Иосиф Гамбург, врач, знавший Фрунзе, так описывает поведение приговоренного перед казнью: «Пока шло исследование больного, он был спокоен, шутил и смеялся. Но вот прошедшие один за другим консилиумы видных врачей установили, что налицо явная картина язвенного процесса в области двенадцатиперстной кишки. Было решено прибегнуть к операционному вмешательству. С этого момента бодрое настроение покинуло Михаила Васильевича. На людях он держался спокойно, расспрашивал о делах и давал советы. Но, когда посторонних не было, он становился озабоченным, задумчивым»28.

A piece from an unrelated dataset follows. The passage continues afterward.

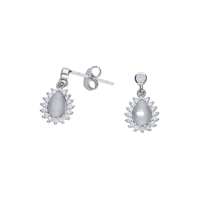HÄNGENDE STAB-OHRRINGE, 925 SILBER RHODINIERT, WEISSER ZIRKONIA, PERLMUTT, TRÄNE, MANDEL, GRÖSSE 8 mm x 9 mm.
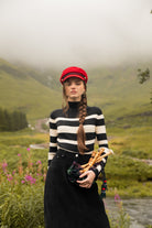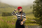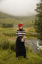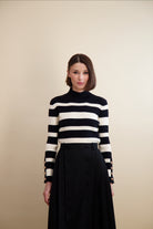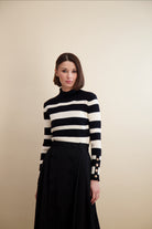 Pashmina Multi Stripe Rib Knit Mock Neck Black Stripe

Жертва пыталась упираться. Накануне операции наркомвоенмор отправил жене записку: «Я сейчас чувствую себя абсолютно здоровым, и даже как-то смешно не только идти, а даже думать об операции. Тем не менее оба консилиума постановили ее делать»29.

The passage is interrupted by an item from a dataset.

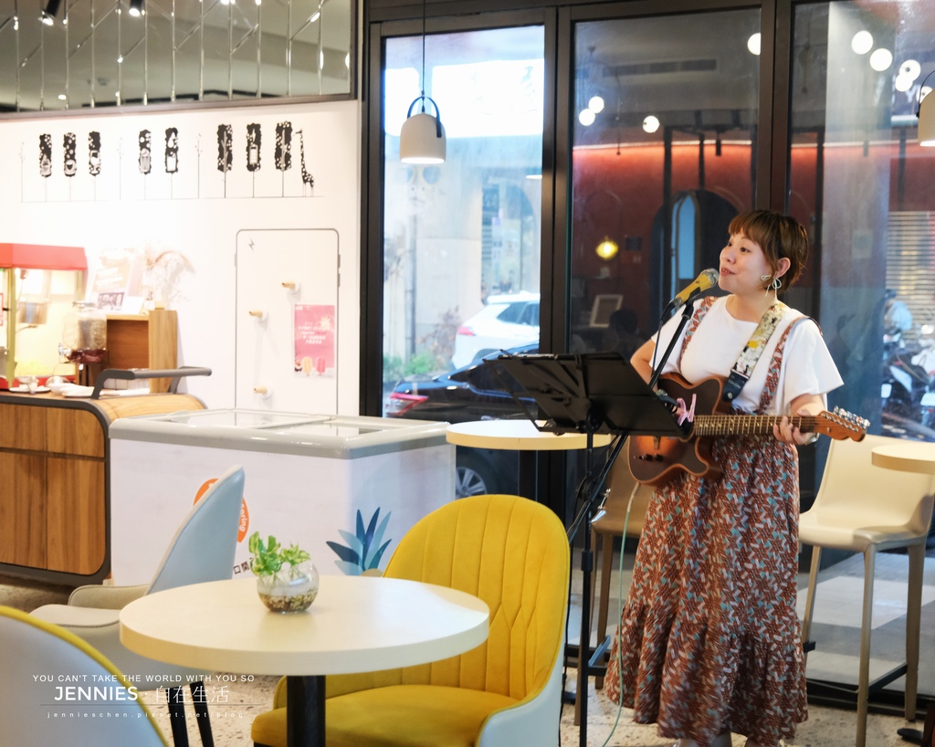 夜幕低垂時旅店也有它的「微醺時段」週六晚上六點至七點,悅樂旅店邀請現場駐唱,從7/1至9/30這段期間,音樂成為暑假旅人的禮物。像我入住這天,就在大廳聽見

Все было тщетно: приговор обжалованию не подлежал. Чтобы окончательно сломить волю Фрунзе, вопрос об операции вынесли на Политбюро, и Иосиф Виссарионович вместе с заместителем Фрунзе Климом Ворошиловым стали самыми горячими сторонниками радикального лечения. Под жестким давлением партийных товарищей и двух консилиумов врачей с доктором Розановым во главе Фрунзе решился лечь под нож.
«Незадолго до операции, — вспоминает доктор Гамбург, — я зашел к нему повидаться. Он был расстроен и сказал мне, что не хотел ложиться на операционный стол. Глаза его затуманились. Предчувствие чего-то непоправимого угнетало его. Он попросил меня в случае неблагополучного исхода передать Центральному Комитету партии его просьбу — похоронить его в Шуе, где он провел лучшие молодые годы на революционной работе. Он любил этот небольшой провинциальный город с какой-то нежностью, и мягкая его улыбка озаряла его лицо, когда он рассказывал о своей жизни среди шуйских рабочих.
Я убеждал его отказаться от операции, поскольку мысль о ней его угнетает. Но он отрицательно покачивал головой: мол, с этим уже решено. Ушел я из больницы в тот день с тяжелым чувством тревоги»30.
Дальнейшее уже было делом техники. Накануне решающего консилиума Розанова вызывали к себе Сталин и Зиновьев. О чем был этот разговор — осталось тайной. И вот 29 октября 1925 года в 12 часов 40 минут началась историческая операция. Розанову ассистировали врачи Громов и Мартынов. Анестезиологом был выбран доктор Алексей Очкин. Для наркоза применялся эфир (60 г), и токсичный хлороформ (140 г). На операции присутствовали главврач кремлевской больницы Александра Канель, сотрудники лечебно-санитарного управления Кремля А.М. Касаткин, Л.Г. Левин и сам начальник Лечебной комиссии ЦК П.Н. Обросов.
Уже во время операции анестезиолог принял фатальное решение увеличить дозу хлороформа вдвое, хотя это было опасно для сердца. При вскрытии брюшной полости хирурги не обнаружили язвы, имелся лишь небольшой рубец от язвы уже зажившей. Угроза смерти возникла сразу во время операции. И главной ее причиной был хлороформ. В связи с падением пульса во время наркоза пришлось прибегать к вспрыскиваниям, возбуждающим сердечную деятельность, и после операции бороться с сердечной недостаточностью. В реанимации Фрунзе приняли участие хирург отделения Розанова Б.И. Нейман и срочно вызванный штатный профессор Кремлевской больницы Дмитрий Плетнев. Операция длилась 35 минут, наркоз — 65 минут.